In subgroup analyses, though clinician investigators expressed similar sentiments as their clinician scientist counterparts regarding satisfaction with their level of research autonomy, clinician scientists were more likely to agree with statements that their work was valued by others. Clinician scientists were also more satisfied with the funding available to conduct research projects from multiple sources (with the exception of industry), and more satisfied with salary support received from multiple sources, especially hospital practice plans.
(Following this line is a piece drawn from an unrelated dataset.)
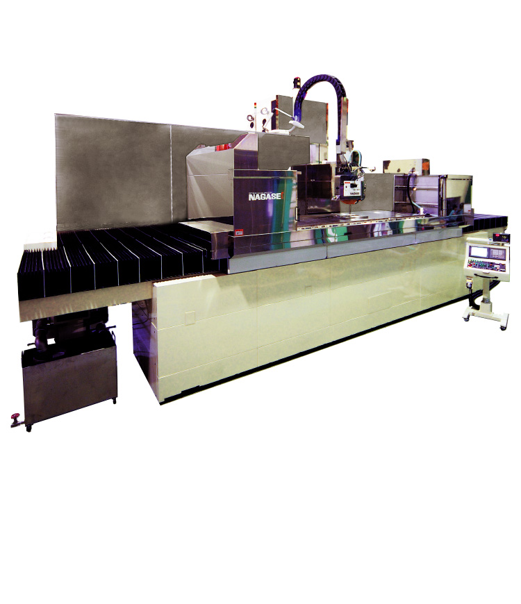 Submicron motion characteristics and NC command value follow-up performance. Because of outstanding straightness, Nagase has a good record of manufacturing long die parts such as T-dies and precision machine parts for machine tools, etc. NAGASE also uses this model in its factory.

Summary of what we’ve learned

Overall, respondents expressed a high level of autonomy and satisfaction with their autonomy over their research foci. The largest disconnect for valuing research was with our research institutes. Approximately half of our respondents were dissatisfied with project support from grant agencies, the DOM and research institutes. Most respondents were dissatisfied with salary support from national grant agencies, but they were satisfied with the financial support they received through their hospital practice plans. Though clinician investigators (vs. scientists) expressed similar levels of autonomy and satisfaction with their level of autonomy over their research focus, they also expressed feeling that their work was less valued by multiple individuals and being less satisfied with access to funds to support individual research projects and themselves as researchers.

Five recommendations

  1. There needs to be inherent ‘value’ for researchers in belonging to a research institute. That is, we need to do a better job of informing our researchers how they can access resources at the research institutes and centres affiliated with our department. We need to ask ourselves if this might include harmonizing salary supports (such as Merit awards) with resources that are necessary and available to be productive. We also need to ensure clinician investigators have access to the resources that they need to be successful.
  2. More on that point, clinician investigators need to better supported and have better access to resources, including recognition, training, salary support and awards.
  3. The needs of research community need to be better addressed with emphasis on increasing ‘outside’ sources of financial support and enhancing the profile of all researchers from the novice to the experienced researcher.
  4. Strategies need to be developed, such as through implicit bias training, to address potential sources of bias on research grants and awards committees to ensure transparency and address issues related to equity and diversity upfront.
  5. Work needs to be done with DOM networks to enhance access and availability of seed funding to enable quality improvement and pilot work, and promote collaborations within the DOM.

And of course, we need to celebrate and publicize our successes to fully recognize our research faculty. I want to hear about the research that is coming out of our department so we can share these success and get the word out!

Thanks to Drs. Karen Burns and Michael Farkouh for their contributions to this column.